The Jesuits themselves restricted Rupnik’s ministry several times—on paper, at least—between 2019 and Christmas 2022, but no one thought to tell the Rome vicariate, apparently. Rupnik kept his priestly faculties at the time De Donatis issued his Christmas weekend statement, as well as his place on several works and committees of the Rome vicariate.
Though it was phrased very carefully, in the exquisitely guttural jargon of the Roman curia, the short of De Donatis’s long was that Pope Francis had decided to leave Rupnik in place and was basically calling the shots in Rupnik’s case. Shortly after De Donatis delivered his early Christmas present, the cardinal vicar found himself mostly stripped of his powers.
Among the other findings of De Donatis’s investigation—conducted by a canon law professor from the Pontifical Urban University, Giacomo Incitti—were “gravely anomalous procedures” surrounding the one tiny bit of medicinal discipline to which Rupnik had been secretly subjected and from which he had been quickly rehabilitated, namely an excommunication for the grave crime of having absolved one of his “accomplices” in a “sin against the Sixth Commandment”—Church-speak for sexual misbehavior—though the excommunication was lifted almost immediately.
The statement from the Rome vicariate said examination of “copious documentary material” related to Rupnik’s case “also generated well-founded doubts about the request for excommunication itself,” which De Donatis dutifully “presented the report to the competent authorities,” presumably the same doctrinal dicastery that declined to prosecute Rupnik. It’s a safe bet a copy made it to Pope Francis’s desk, too.

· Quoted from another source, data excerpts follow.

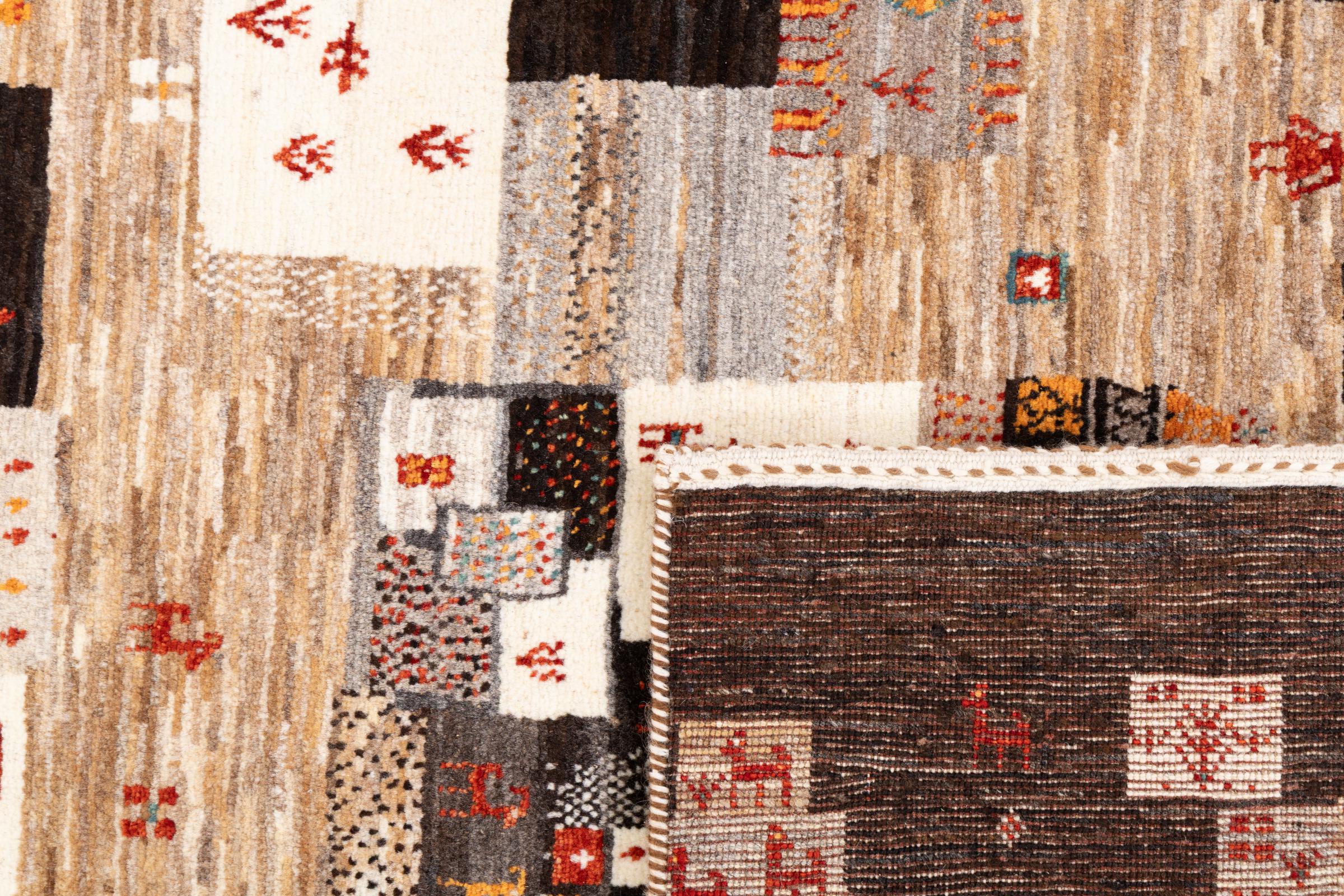 Un refinamiento de las ya conocidas alfombras Gabbeh: Esta es esta persa Gabbeh Loribaft. Con su anudado más fino y su hermoso diseño, sabe cómo impresionar. Loren lo anudó a mano en el sur de Persia con la mejor lana de oveja hilada a mano. Solo se utilizan tintes vegetales puros para teñir la lana. Con esta alfombra obtienes el estándar más alto de una alfombra Gabbeh para tu hogar.
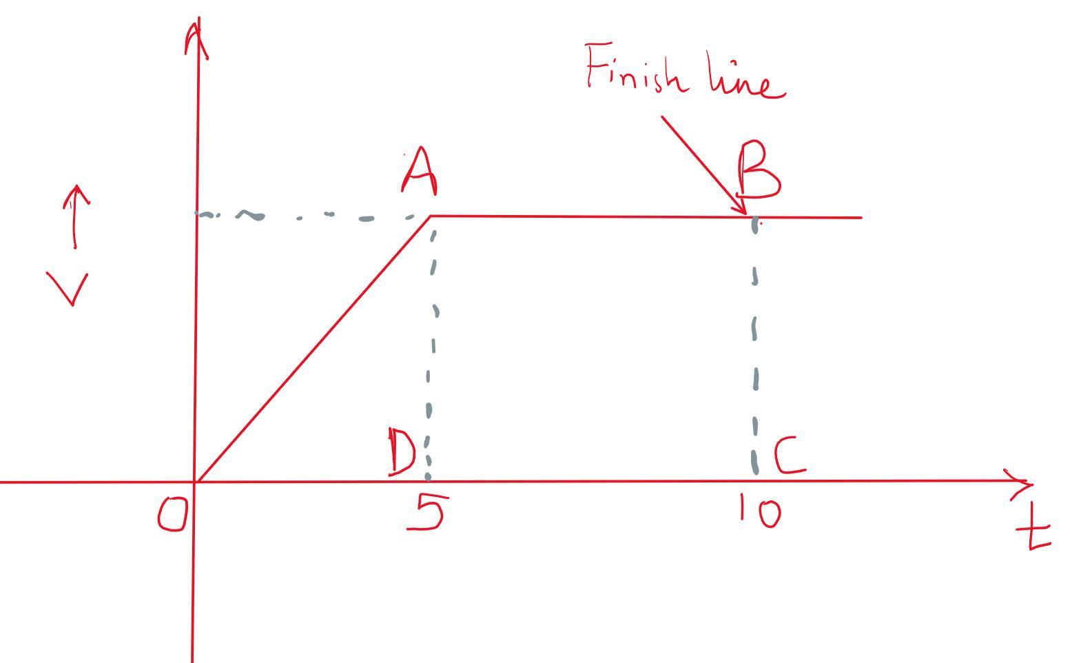 Therefore, the speed when crossing the finish line is the speed at B which is equal to 11 m/s.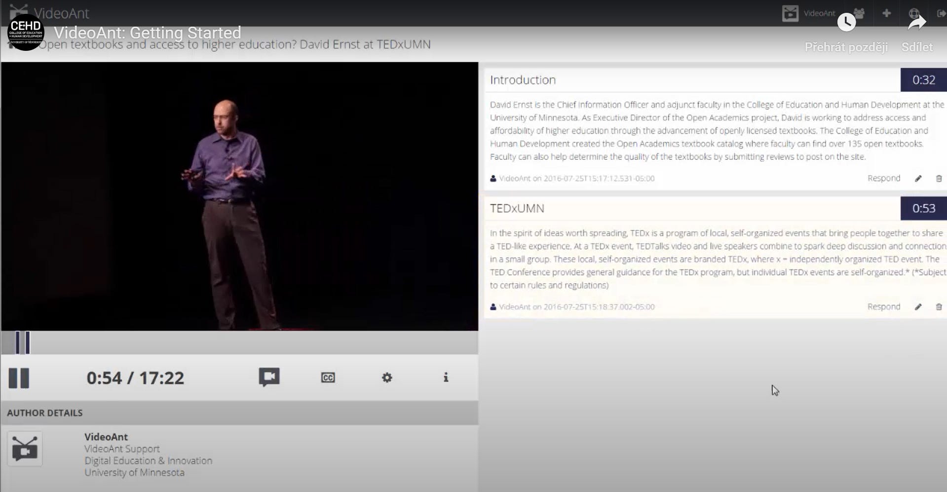 VideoAnt je webová platforma pro vkládání komentářů do videa, kterou vytvořila Pedagogická fakulta Minnesotské univerzity. Umožňuje přidávat komentáře přímo do videí zveřejněných na webu. Každý komentář, takzvaný „Ant“ (mravenec), je navázaný na konkrétní čas ve videu a umožňuje vést přehlednou diskusi. Tyto poznámky můžete exportovat, vkládat do jiných webů nebo sdílet s konkrétními lidmi, což se hodí pro výuku, vývoj produktů i uživatelský výzkum.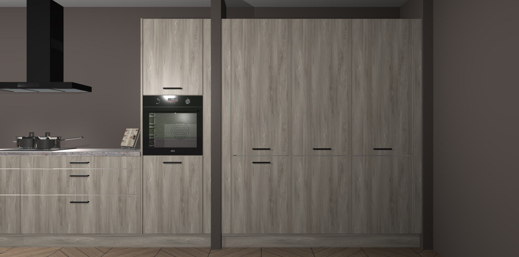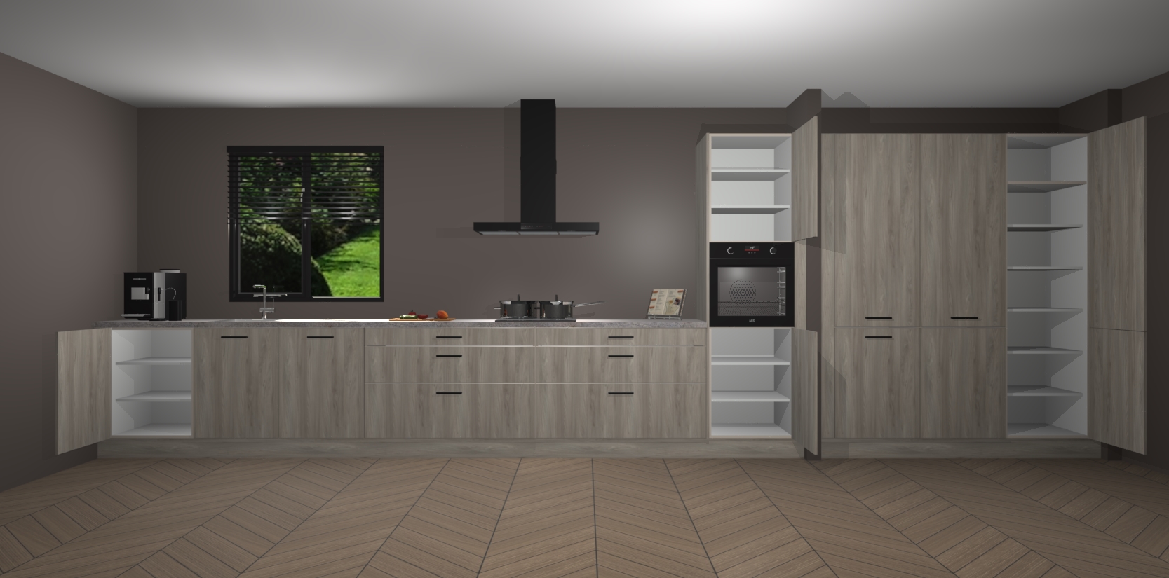 Een stijlvolle en praktische keuken als deze mag gezien worden. Dankzij de prachtige matte afwerking wordt de keuken gemakkelijk het middelpunt van uw huis - hij ziet er geweldig uit onder allerlei lichtomstandigheden, van dag tot nacht!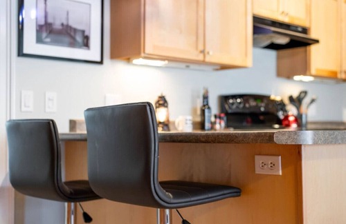 The main level of the apartment contains an open concept kitchen, dining and living room space. The first bedroom, with a full-sized bed, laundry and full bathroom is also located on this level. The kitchen is fully stocked with everything you'll need to create a delicious meal. The living room is also situated so you can enjoy a program on the television or peer out the windows and enjoy the activity downtown!
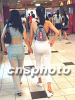 圖:大連女鐘愛火熱透視裝 2001年08月28日 18:39 ![]() 國際服裝節(jié)開幕前夕,大連街頭時裝秀已經(jīng)拉開序幕,時尚女孩以火熱的透視裝,露背裝盡現(xiàn)青春氣息。中新社記者 王瑤 攝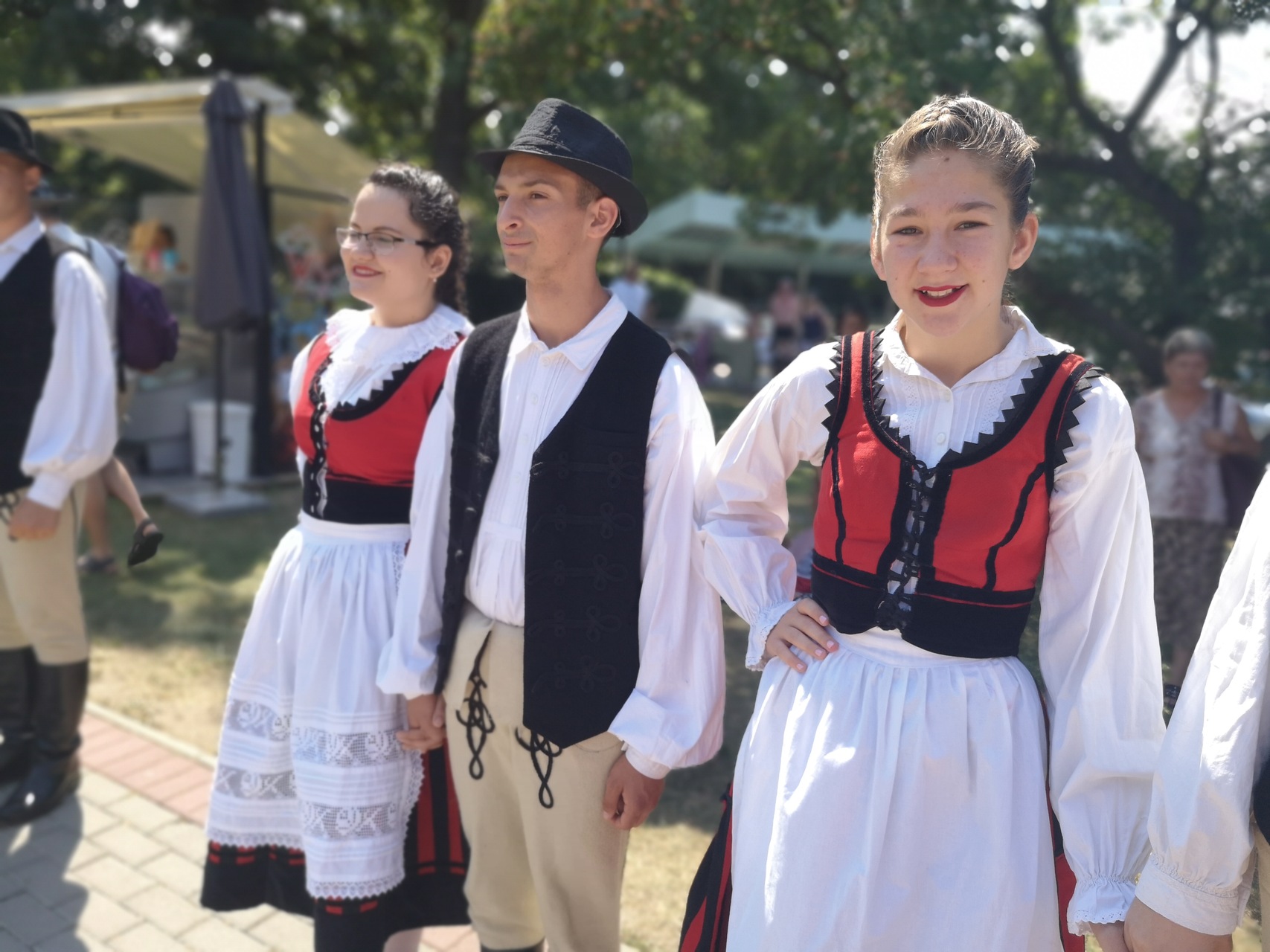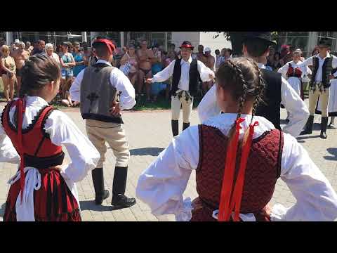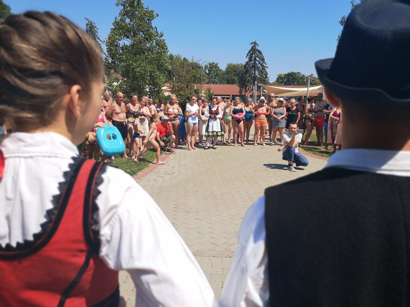 Az előadók ez alkalommal felcsíki és marosszéki táncokat hoztak a fürdőzőknek.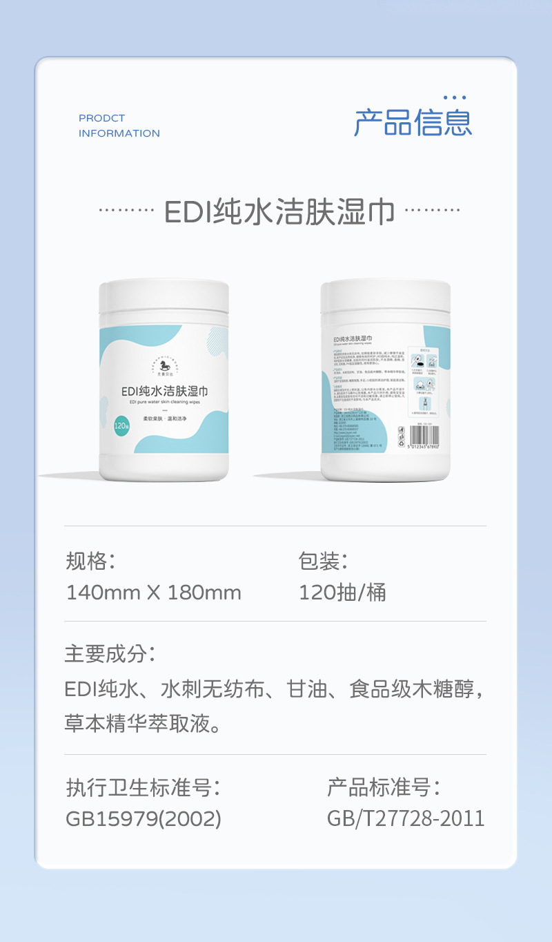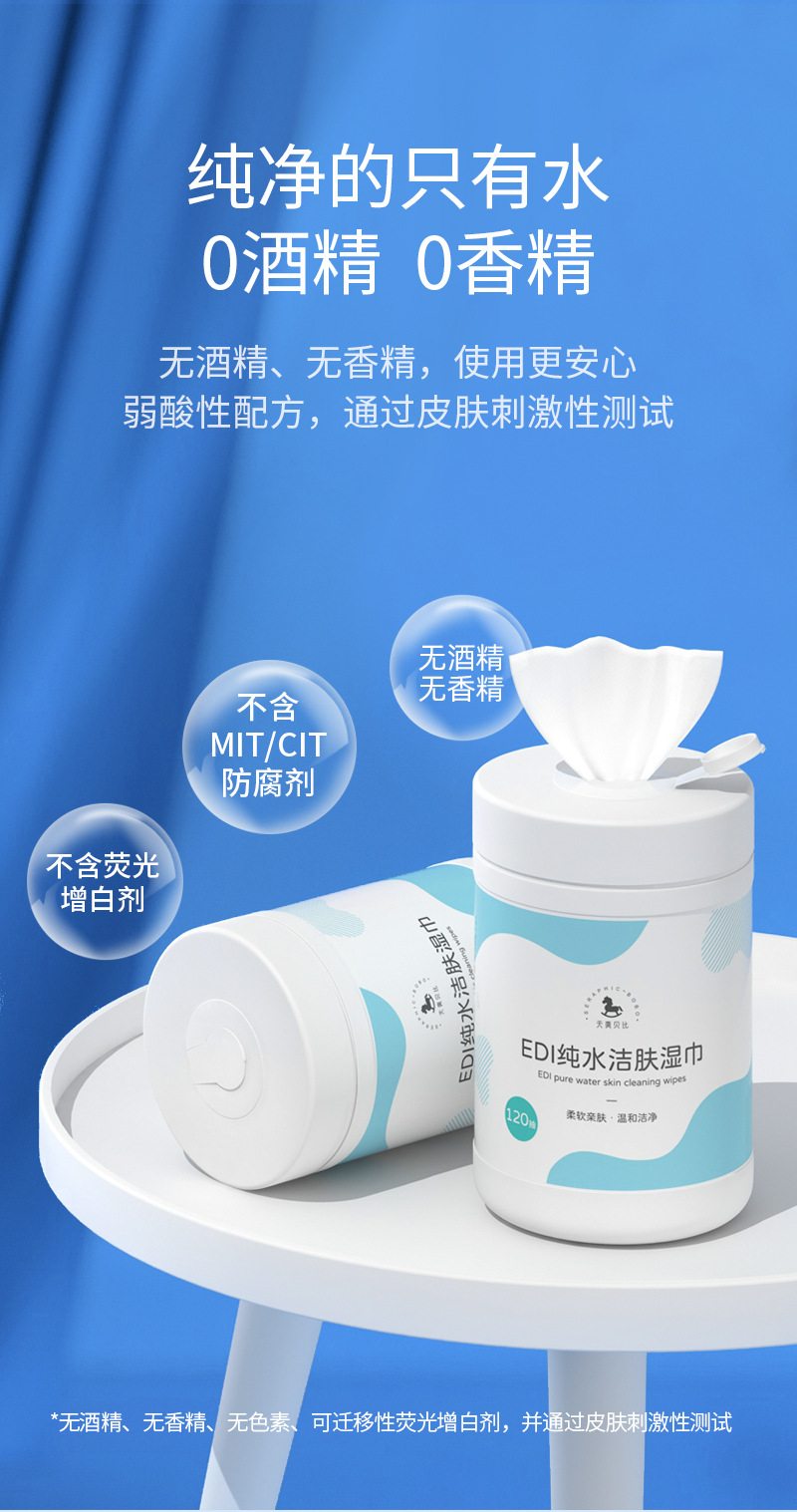 120 パンチ大型バレル EDI 純水クレンジングワイプ手と口の衛生ワイプ母親と赤ちゃんが利用可能在庫卸売

So, to sum up: A Jesuit auxiliary of the Rome diocese investigated the House that Rupnik Built in his native Slovenia and discovered disgusting things, but official Rome dragged its feet and eventually the Jesuit pope refused to lift the statute of limitations so the Jesuit-led CDF declined to prosecute, then the Jesuits investigated Rupnik and decided that there are credible accusations but Rupnik refused to cooperate so they couldn’t do anything except kick him out, only Rupnik wanted to leave anyway, and then the Rome vicariate investigated its own Centro Aletti—the one Rupnik founded in Rome—and found that everything is awesome and everyone there is completely not guilty of … something, and also they decided that some action taken against Rupnik himself was dodgy somehow but they’re not saying how but they’ve sent it up the ladder to someone but they haven’t said exactly or really at all to whom.
Did I mention that the current director of the Centro Aletti, Maria Campatelli, Rupnik’s longtime associate, was in for a visit with Pope Francis last week?
A few months ago, Campatelli had issued a statement through the Centro Aletti calling the accusations against her old pal “unproven and defamatory”—though not false—and claiming that “[O]ther Jesuits of the Centro Aletti,” have lost faith in the leadership of their Jesuit superiors and “have also applied for permission to leave the Society and are awaiting the conclusion of the relative procedure, to be able to continue the exercise of their priestly ministry.”
The Aletti business looks for all the world like some sort of mutiny or defection triggered by pushback from some Jesuits in senior leadership after their efforts to rein in Rupnik proved too little, too late. Rupnik operated too long without oversight, indeed under the aegis of other superiors, and has perhaps a merry band of ultras around him.
De Donatis cannot possibly expect anyone to credit either his investigation or his report, for which there is only one word in English, a quotidian term, the technical scientific designation for which is excrementum bovinum.